I'd like to finish with an anecdote I saw on tv seven years ago,
There was a political candidate running for president on the tv show "Scandal" named Sally Langston, who witnessed the unfortunate explosion in a church hoping it was her opposing candidate that had met his demise, but no such luck. So, as she comfortably escaped the building after a false alarm had been called. Her agent ripped her sleeve jacket and smeared dirt on her face and shoved her back in the church to rescue the poor souls that had been shocked in the small explosion, while at the same time making it look as though she had a trace of blood running through her veins because being HUMAN costs in positive and negative ways in politics! especially in the public eyes. A display of compassion as empty as it may have been would have pulled her ahead of her opponent as disingenuous as it was. So,as along as we look as if we care as oppose to really have compassion ,It sells!

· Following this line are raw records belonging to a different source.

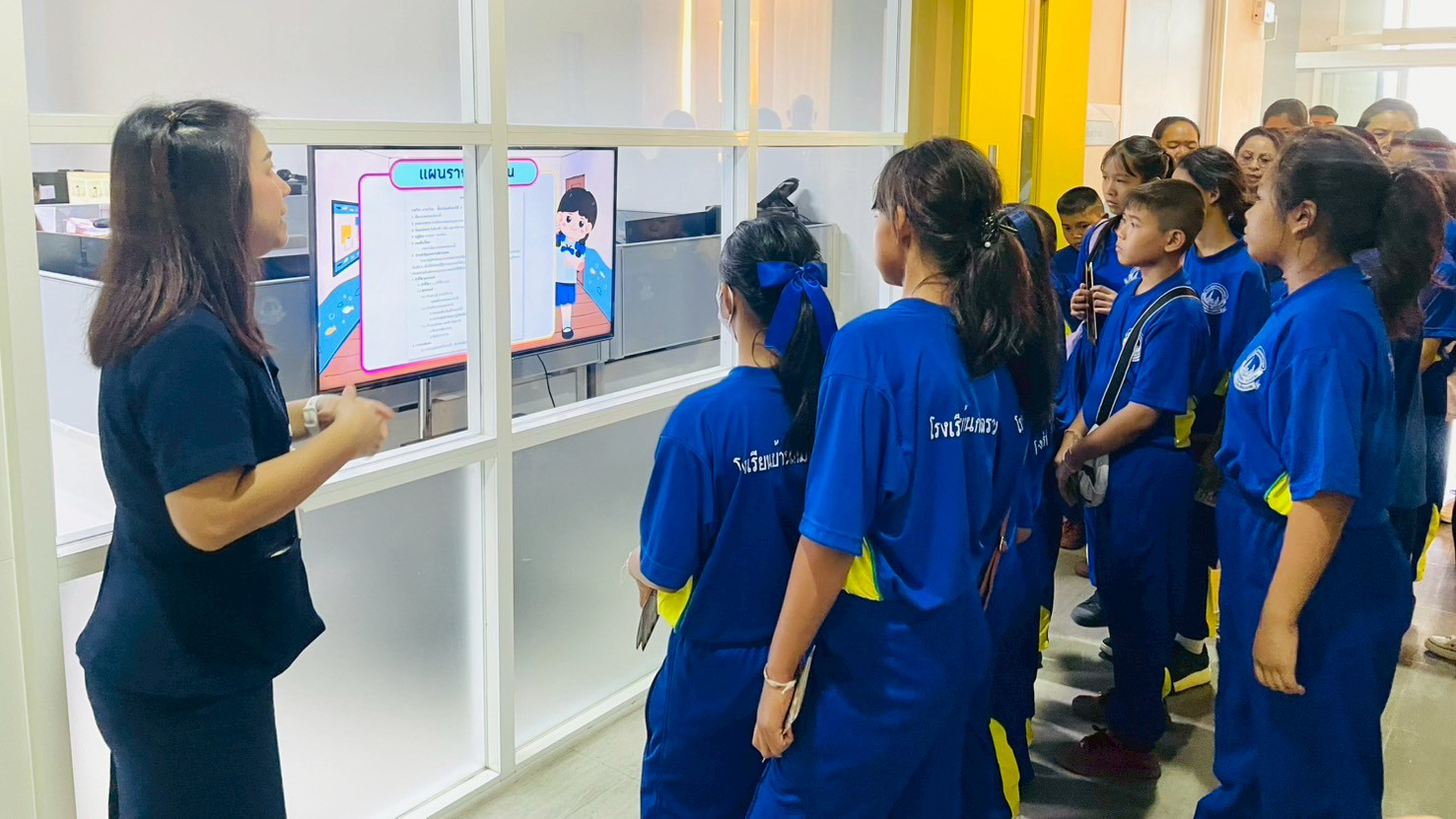 ในการนี้ เจ้าหน้าที่งานสื่อสารองค์กร ให้การต้อนรับและนำเยี่ยมชมกระบวนการผลิตรายการการเรียนการสอนของสถานีฯ ภายใต้การบริหารงานของมูลนิธิฯ เพื่อเป็นการแลกเปลี่ยนเรียนรู้ และเผยแพร่พันธกิจการดำเนินงานของมูลนิธิฯ ให้กับคณะครู นักเรียนปลายทางได้เข้าใจถึงกระบวนการผลิตและจัดการเรียนการสอนจากห้องเรียนต้นทางโรงเรียนวังไกลกังวลฯ ไปยังผู้รับบริการทั่วประเทศ
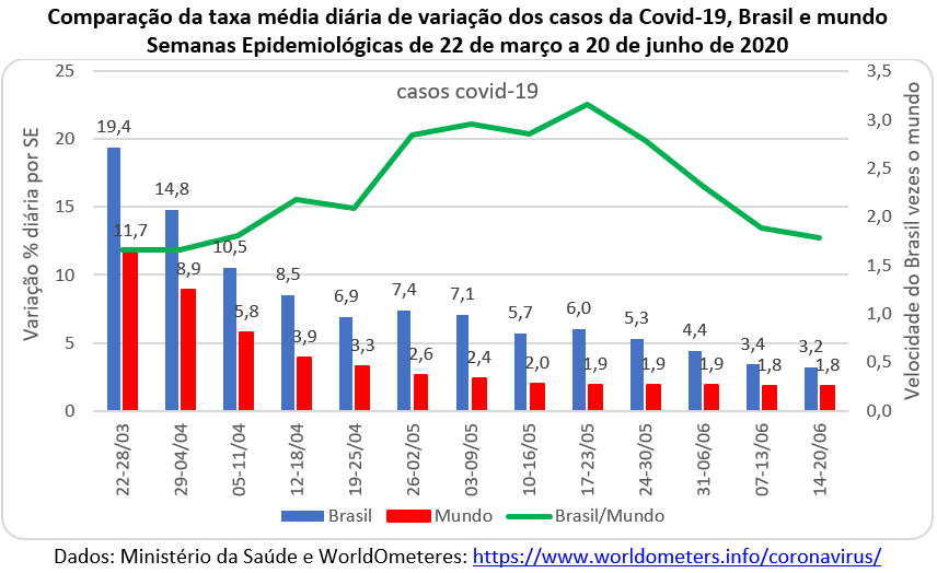 Todos os dados acima mostram que a pandemia recrudesceu na 25ª SE, tanto no Brasil quanto no mundo. O gráfico abaixo mostra que o Brasil estava acelerando em relação ao mundo até a semana de 17 a 23 de maio (21ª SE) e depois passou a desacelerar. O número de casos brasileiros chegou a subir 3 vezes mais rápido do que os casos mundiais, mas na 25ª SE (14-20/06) esta diferença caiu para 1,8 vezes. Ou seja, mesmo menor, o aumento atual do número de casos cresce a um ritmo 80% maior no Brasil do que no mundo.
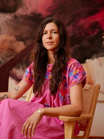 Inspired by the desert and sky, Julia draws symbols from nature: mountains as aspiration, water as passage, and storms as inner turmoil. Her process is experimental, using diluted paints, solvents, and organic materials such as beet juice, green tea, and earth pigments collected on her journeys.
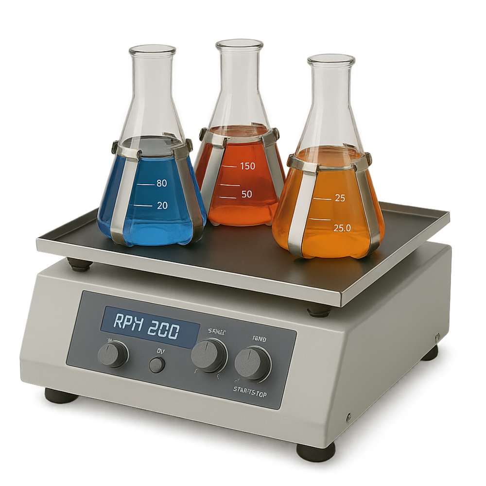 진탕기는 실험실에서 시료를 혼합하거나 용해시키는 데 사용하는 장비로, 다양한 용기(플라스크, 비커, 시험관 등)를 흔들어 일정하게 혼합하거나 반응을 촉진 함.
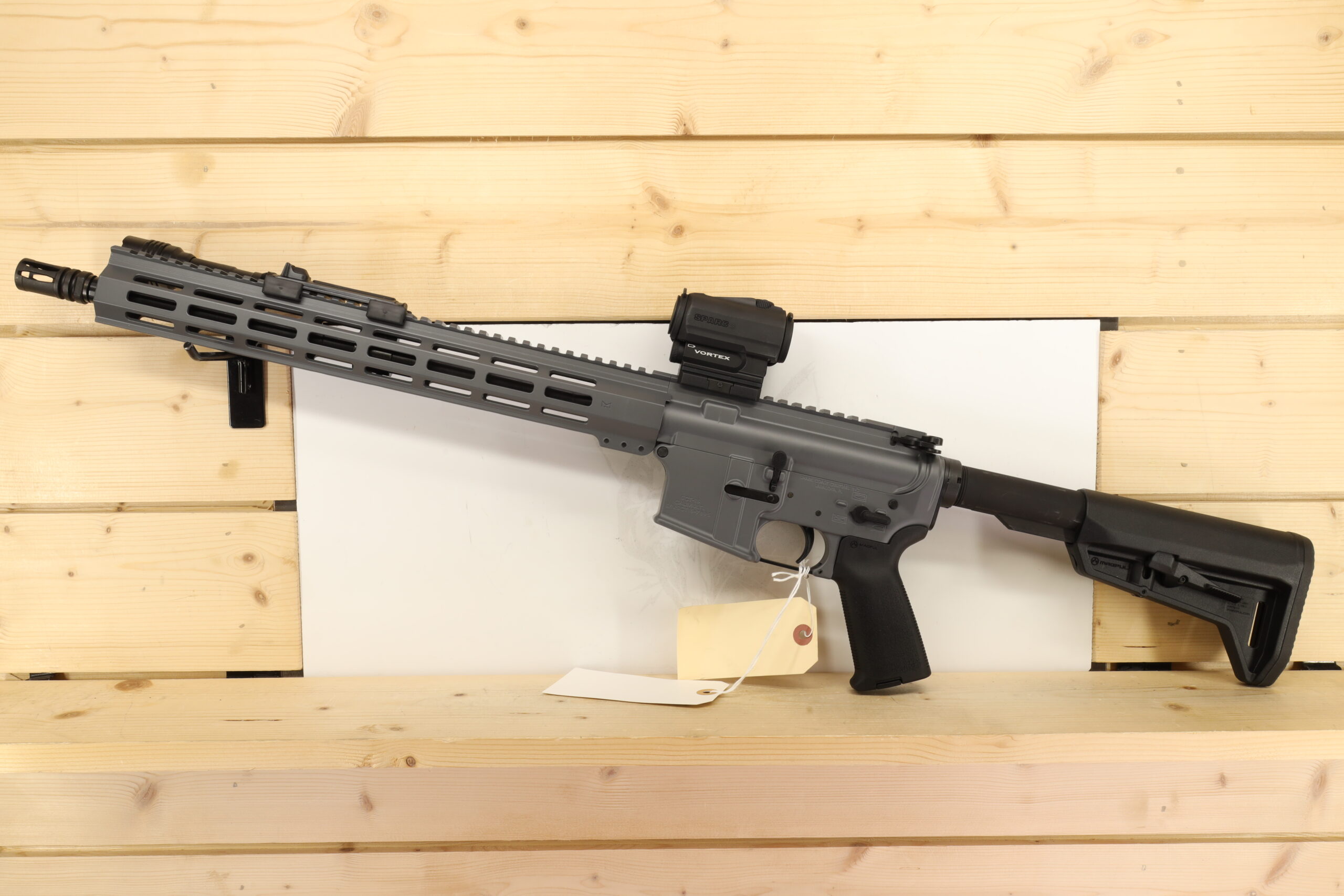 The Shark Coast Tactical Grey Knight 5.56X45MM is a remarkable new firearm. With its 16″ threaded barrel and lightweight design, it brings a modernized touch to firearm technology. The unit comes equipped with a VORTEX CROSSFIRE optic and a thumb safety feature for enhanced user comfort and security, accompanied by one magazine and its original packaging.
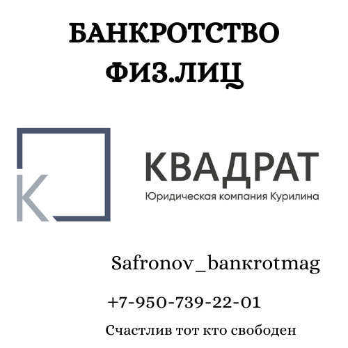Вы можете обратиться ко мне по любому юридическому вопросу. Я действительно решаю проблемы. Всегда на связи по тел. 8-950-739-22-01, viber, whatsApp или на e-mail: jurist177@yandex.ru, либо задать свои вопросы в личные сообщения в директе инстаграм https://www.instagram****.com/safronov_bankrotmag/
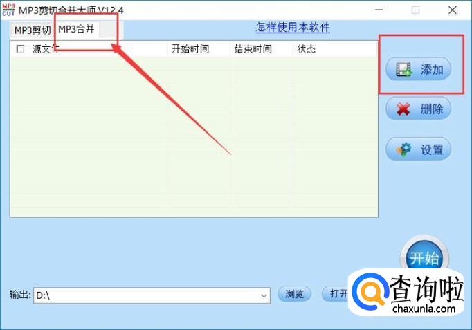 使用MP3合并功能时,我们也还是需要先点击“添加文件”按钮,选择要进行合并的歌曲文件。
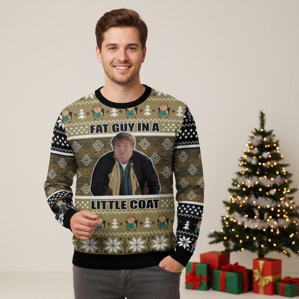 $40.99Fat Guy in a Little Coat Brown Ugly Christmas Sweater Funny Movie Quote Holiday Knit Jumper Get ready for the season of joy! As the temperatures drop and the holidays approach, it’s time to bring back the timeless winter favorite – the Ugly Christmas Sweater. Whether it’s a family reunion, office party, or cozy night […]
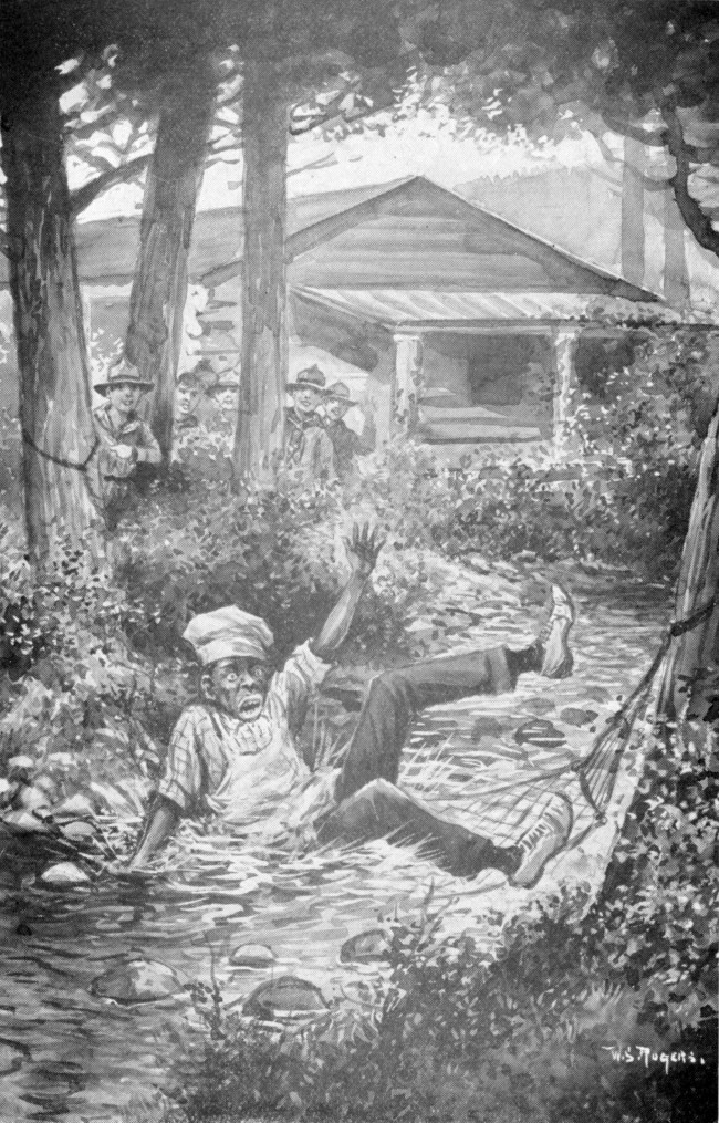 Thereupon, sitting on the bungalow porch with the boys around him, the colored man gave the particulars. He said that he had caught the three boys behind the shed at the Willoughby camp smoking and playing cards. They were talking about old times and did not notice him when he went into the shed. He heard them mention a fire at the Colby Hall boathouse and, listening,[300] found that it had been caused by Flanders and his two cronies.
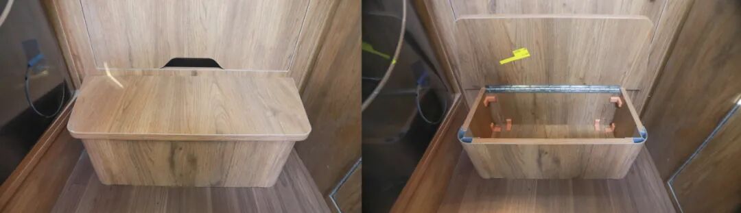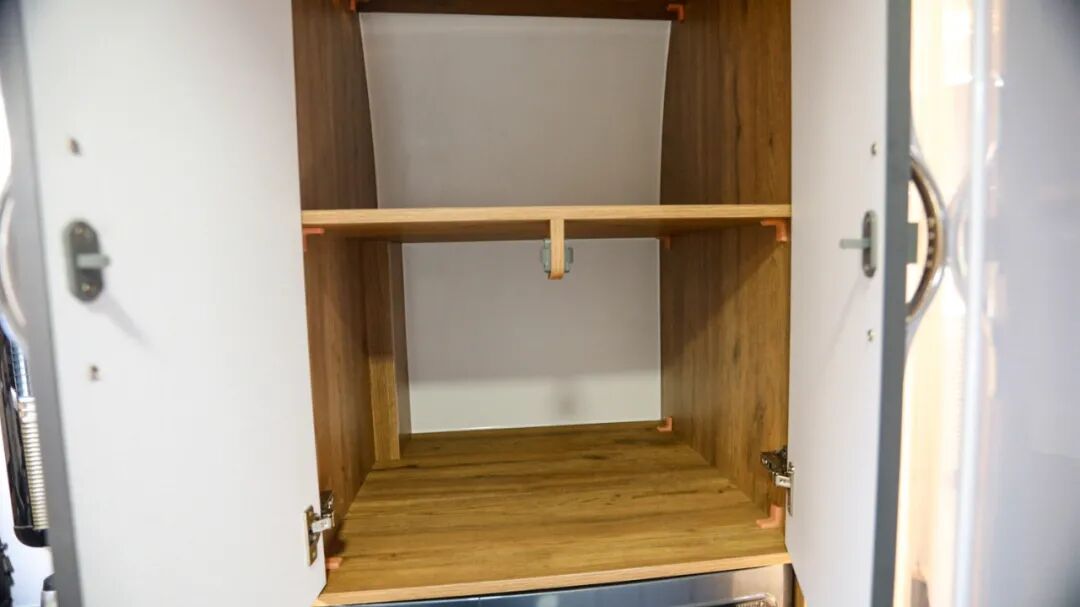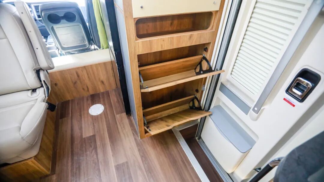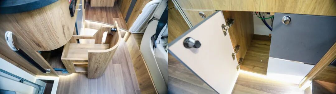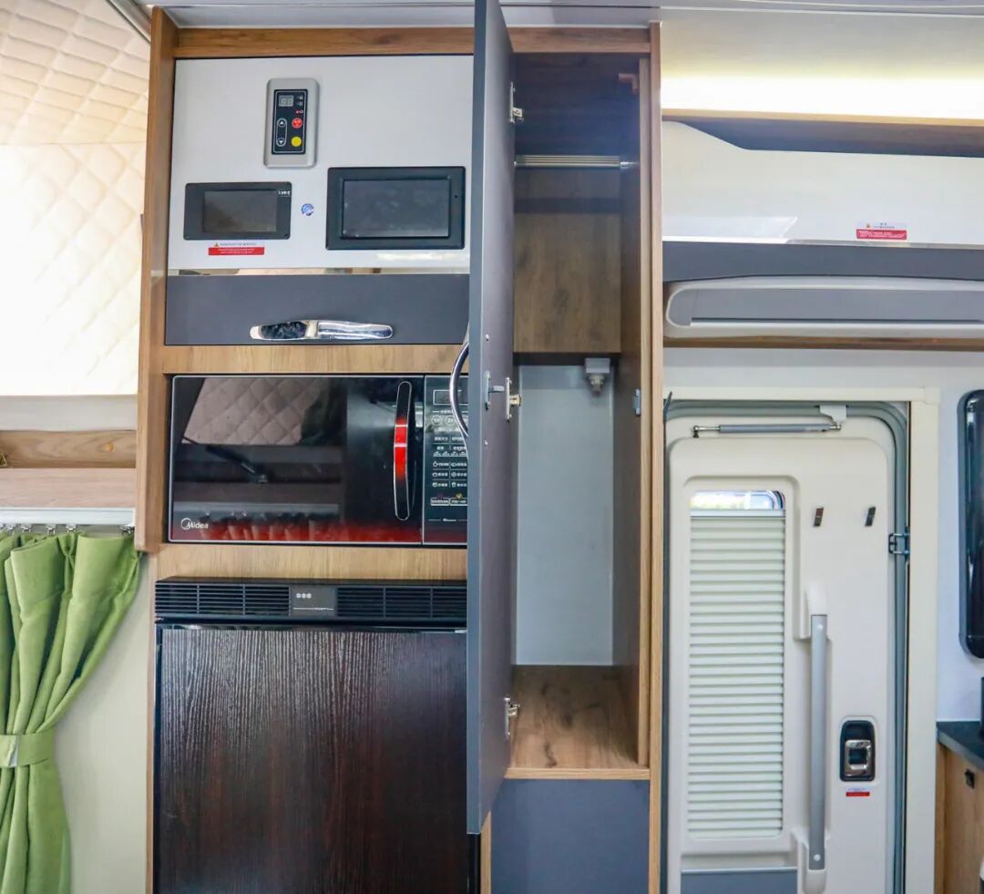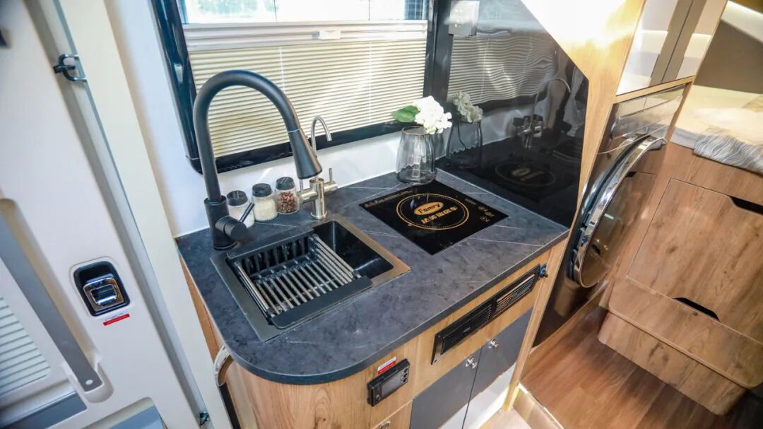 厨房区内部配置了嵌入式电磁炉、洗菜池(带沥水格)、独立水龙头、净水龙头、车载油烟机、外推窗等设施,日常车内做饭没有压力;侧方还有隔板防止油污乱溅,平时清洁也很方便;底部设有丰富的储物空间;
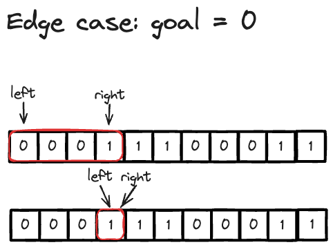 但这里有一个edge case, 当goal = 0时候,当我们right pointer encounter 1的时候,我们开始move left pointer, 结果发现不管怎么移动,subarray sum都是1, 如下图.
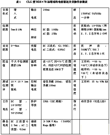 電容式接近開關屬于一種具有開關量輸出的位置傳感器,它的測量頭通常構成電容器的一個極板,而另一個極板是物體的本身,當物體移向接近開關時,物體和接近開關的介電常數ε發生變化,使得和測量頭相連的電路狀態也隨之發生變化,由此便可控制開關的接通和關斷。被這種接近開關的檢測物體,并不限于金屬導體,也可以是絕緣的液體或粉狀物體,在檢測較低介電常數ε的物體時,可以順時針調節多圈電位器(位于開關后部)來增加感應靈敏度,一般調節電位器使電容式的接近開關在0.7-0.8Sn(Sn為電容式接近開關的標準檢測距離)的位置動作。這里選用的是浙江省洞頭縣光電開關廠生產的CLG型M18×70標準結構的開關。它的外型圖與尺寸標示圖分別如圖1與圖2所示。
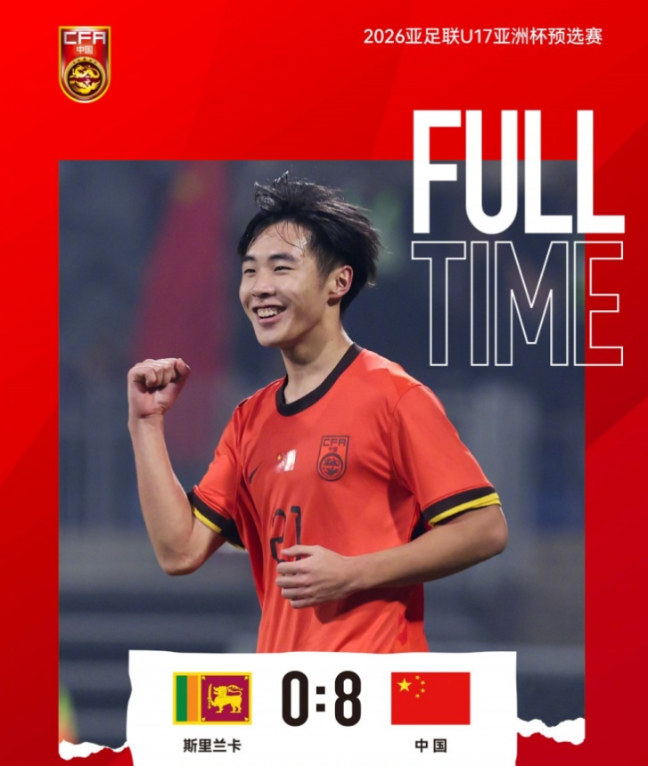 11月28日,在U17亚洲杯预选赛第四轮中,中国U16男足以8:0大胜斯里兰卡U16。同组另一场比赛,孟加拉国U16以2:1击败巴林U16。

So, where does real compassion come from? “to suffer together.” Among emotion researchers, it is defined as the feeling that arises when you are confronted with another's suffering and feel motivated to relieve that suffering. This literally means the neighbourhood community. The one-to-one interactions, instead of focussing on company policies that protect us. It would be beneficial to imagine what it's like to be in that person's shoes. Even if we receive a loss ( inconvenience) at first, we'll gain so much more as a human being. We are born human, but part of our life's experience is to know what it means become human.
Unfortunately, this has been overlooked because the harsh stain of reality is embedded in the fabric of society. You can see that, with how a majority of families huddle together to tend to their needs and isolate themselves from others to protect what they have. And say from a far ," I loved to help, but.........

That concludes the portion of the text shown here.